I really wouldn't call it common... In fact I never lost 3g... Don't live in a 4g area. I know this doesn't happen on Verizon often, though in my area it happens all the time to ATT and sprint. T-Mobile is fine though. Last "nationwide" outage didn't effect me either... I think the term "nationwide" should be reconfigured. If it were true I'd have lost data too.


----------



## beehiveblack (Sep 23, 2011)

Back up now...in
Vermont anyway.
Sent from my DROID BIONIC using Tapatalk


----------



## ProCompSolutions (Jul 11, 2011)

Odd when I shut wifi off 3g now comes on. Used to have both

Sent using my BIONIC running [R3]BLURR3D v1.7PBX a TH3ORY ROM


----------



## jzd5032 (Jun 21, 2011)

cstrife999 said:


> I really wouldn't call it common... In fact I never lost 3g... Don't live in a 4g area. I know this doesn't happen on Verizon often, though in my area it happens all the time to ATT and sprint. T-Mobile is fine though. Last "nationwide" outage didn't effect me either... I think the term "nationwide" should be reconfigured. If it were true I'd have lost data too.


Its 100% Nationwide. My friends back in NYC are having similar issues, and im all the way in Nevada. Some people didnt get 3g issues, but i did, and so did people on the east coast. If 4g is out in most west coast locations, as well as east coast, it sounds "nationwide" to me.


----------



## xjujux (Jun 18, 2011)

I'm still having problems .. 3g is showing but not workin well and 4g is cuttin out.. ****


----------



## rockstar323 (Sep 24, 2011)

Mine was out yesterday but I'm back to no 3G after lunch, it worked fine this morning. 4G shows but it doesnt work, like last night. I'm getting 1X but it is intermittent.


----------



## gwbennett (Jul 25, 2011)

Well "luckily" I live in an area where I am roaming with zero bars and the 1xRTT "data service" is too slow to even DO the speed test app. So I didn't notice


----------



## cstrife999 (Aug 8, 2011)

jzd5032 said:


> Its 100% Nationwide. My friends back in NYC are having similar issues, and im all the way in Nevada. Some people didnt get 3g issues, but i did, and so did people on the east coast. If 4g is out in most west coast locations, as well as east coast, it sounds "nationwide" to me.

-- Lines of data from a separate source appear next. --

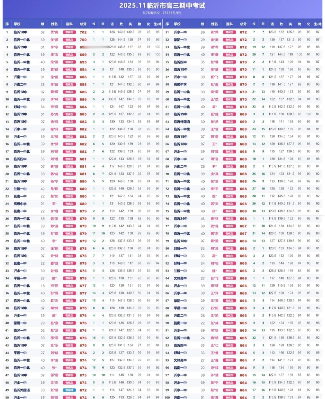 网传临沂高三期中统考前100名名单,临沂一中北校区占了三分之一,捍卫了临沂最强高中的地位。十八中有十二人,十九中3人,说明罗庄教育一如既往的强。沂水一中也是12人,依然是九县中断崖式领先。 临沂一中这届高三是第一批强基班,可以说掐尖用处还是很大的,正像衡水高中不能全省掐尖后清北人数大幅度下降一样。说明好成绩不是教出来的,是掐尖掐出来的。 不过这张表上的成绩,与我了解的部分学生成绩有点出入,差个一两分,三四分的样子,不知道是何原因。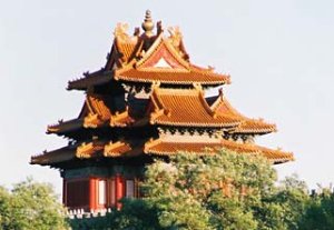 Som tidligere nævnt står der et vagttårn i hvert hjørne af Den Forbudte By. Fra disse tårne holdt bueskytter fjenderne ude fra kejserens bolig. En legende fortæller, hvorledes tårnene fik deres spektakulære udseende. Kejseren drømte en nat, at der i hvert hjørne på den røde mur stod et vagttårn, og da han vågnede, gav han besked på, at muren skulle udstyres med tårne som dem, han havde set i sin drøm. Ministeren beordrede straks rigets bedste håndværkere om at påbegynde arbejdet og forlangte, at de skulle være færdige på kun 3 måneder. Da de ikke var i stand til at bygge det ønskede tårn, blev de halshuget og et nyt hold sat på opgaven. Arbejderne var meget bekymrede, da de ikke anede, hvorledes tårnet skulle se ud. En dag sad de i et tehus og håbede på, at inspirationen ville indfinde sig. Lidt borte hørte de lyden af græshopper og gik derhen. En gammel mand, som ville sælge et bur til en fårekylling, blev hårdt afvist og bedt om at forsvinde. Han smilede og sagde: "Se nøje efter, for dette er ikke et almindeligt græshoppebur.". Det var smukt udført og havde 9 loftsbjælker, 18 søjler og 72 ribber (du husker nok, at 9 var et helligt tal). Til overflod gør jeg opmærksom på, at 9+18+72=99. Buret blev anvendt som model for de smukke vagttårne. Den gamle mand var Lu Ban, stamfader til alle kinesiske tømrere. Det fortælles, at kejseren var yderst tilfreds med tårnene.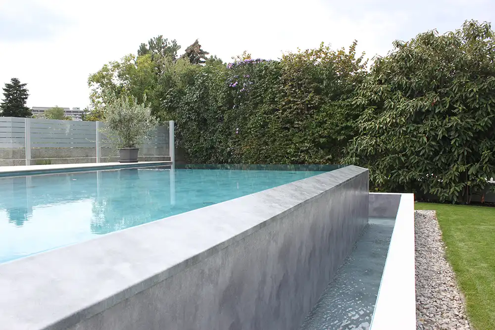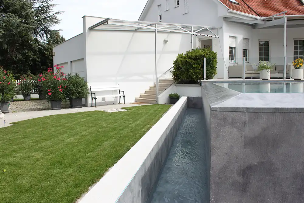 Anfang des Jahres 2022 wurden wir mit der Umsetzung eines Designerpools betraut. Bereits kurz darauf starteten wir gemeinsam mit unserer Kundschaft die Planung der Poolanlage. Nach technischen Abstimmungsgesprächen mit dem örtlichen Poolausstatter gelang es uns eine Optimallösung für unsere Kunden zu finden, die dann auch gleich umgesetzt wurde. Das Rohbauobjekt konnte in einem Zeitraum von 2 Monaten abgeschlossen und in die Hände des Poolausstatters übergeben werden. Nach Montage der Poolfolie in einer speziellen Betonoptik und Montage der Technik konnte das Becken passend zum Sommer in Betrieb gehen. Hauptaugenmerk lag in dem Projekt auf der Infinity Kante des Überlaufpools, die besonders gut gelungen ist. Wir freuen uns für unsere Kunden und wünschen langandauerndes Badevergnügen.
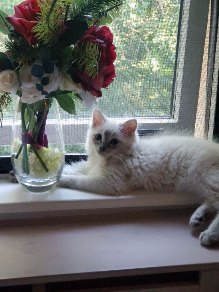 Posting for 9+ yearsBeautiful 1-year-old female Ragdoll cat with white fur and stunning blue eyes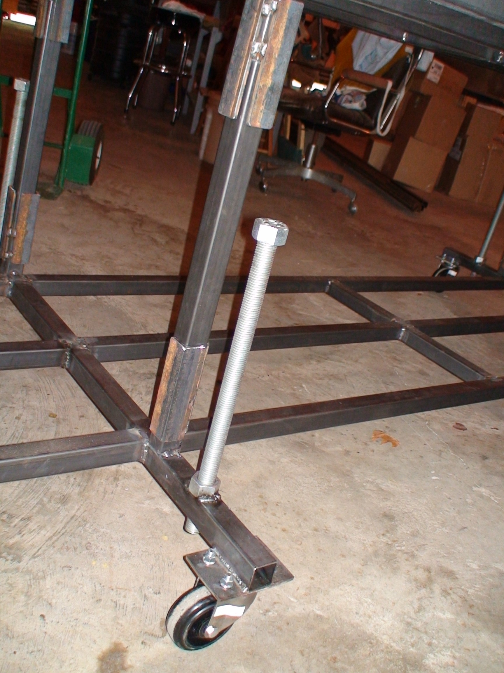Here are pictures of my finished table less wood top and paint. It is made out of 1.5 in steel tube and turned out level, flat and true. I finally settled on a leg socket arrangement made up of 1.5 in square tube 4 in long with two 6 in long 1.5 in angle iron welded to it.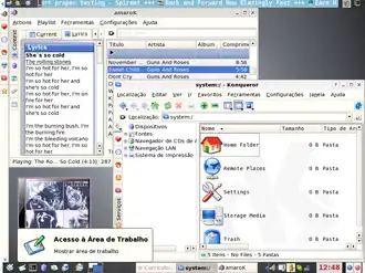 O KDE Tem amplo suporte a temas, além de diversos aplicativos escritos especialmente para ele. Ele é mais ou menos assim: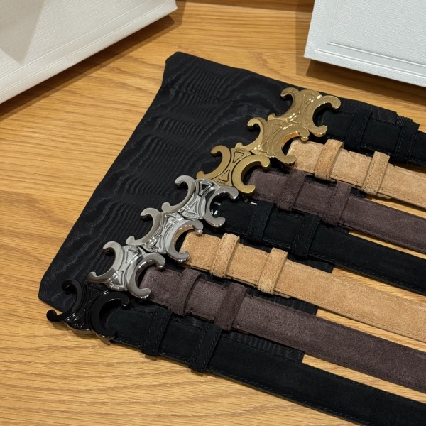 셀린느 TRIOMPHE 미들 벨트 스웨이드 소가죽으로 밑단 소가죽에 골드 메탈로 탈부착 불가 TRIOMPHE 버클 너비: 25mm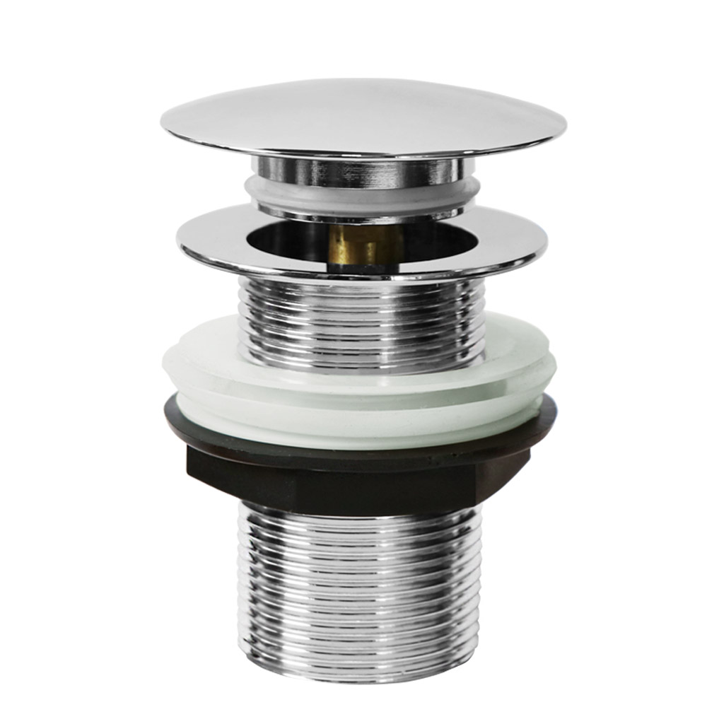 Chrómový výpust s veľkou chrómovou zátkou bez prepadu. KLIK – KLAK G5/4″ bez prepadu, s veľkým kovovým pochrómovaným krytom. Určená pre umývadlá z tvrdeného liateho kameňa s odtokom priemeru G5/4“.

If it were "100% nationwide" that means everybody does it not? Nobody I know around my area had any issues...


----------



## ProCompSolutions (Jul 11, 2011)

Its odd my wifes D2G has had no issues as to where my Bionic does

Sent from my DROID BIONIC using Tapatalk


----------



## bravozero (Sep 22, 2011)

ProCompSolutions said:


> Its odd my wifes D2G has had no issues as to where my Bionic does
> 
> Sent from my DROID BIONIC using Tapatalk


That's because the D2G runs off of Verizon's EVDO data network, whereas the Bionic and other 4G devices run on either LTE or eHRPD. It's those two network bands that are having issues. During the outage the other day, my phone had no data signal at all, but my gf's Fascinate had full data and voice signal.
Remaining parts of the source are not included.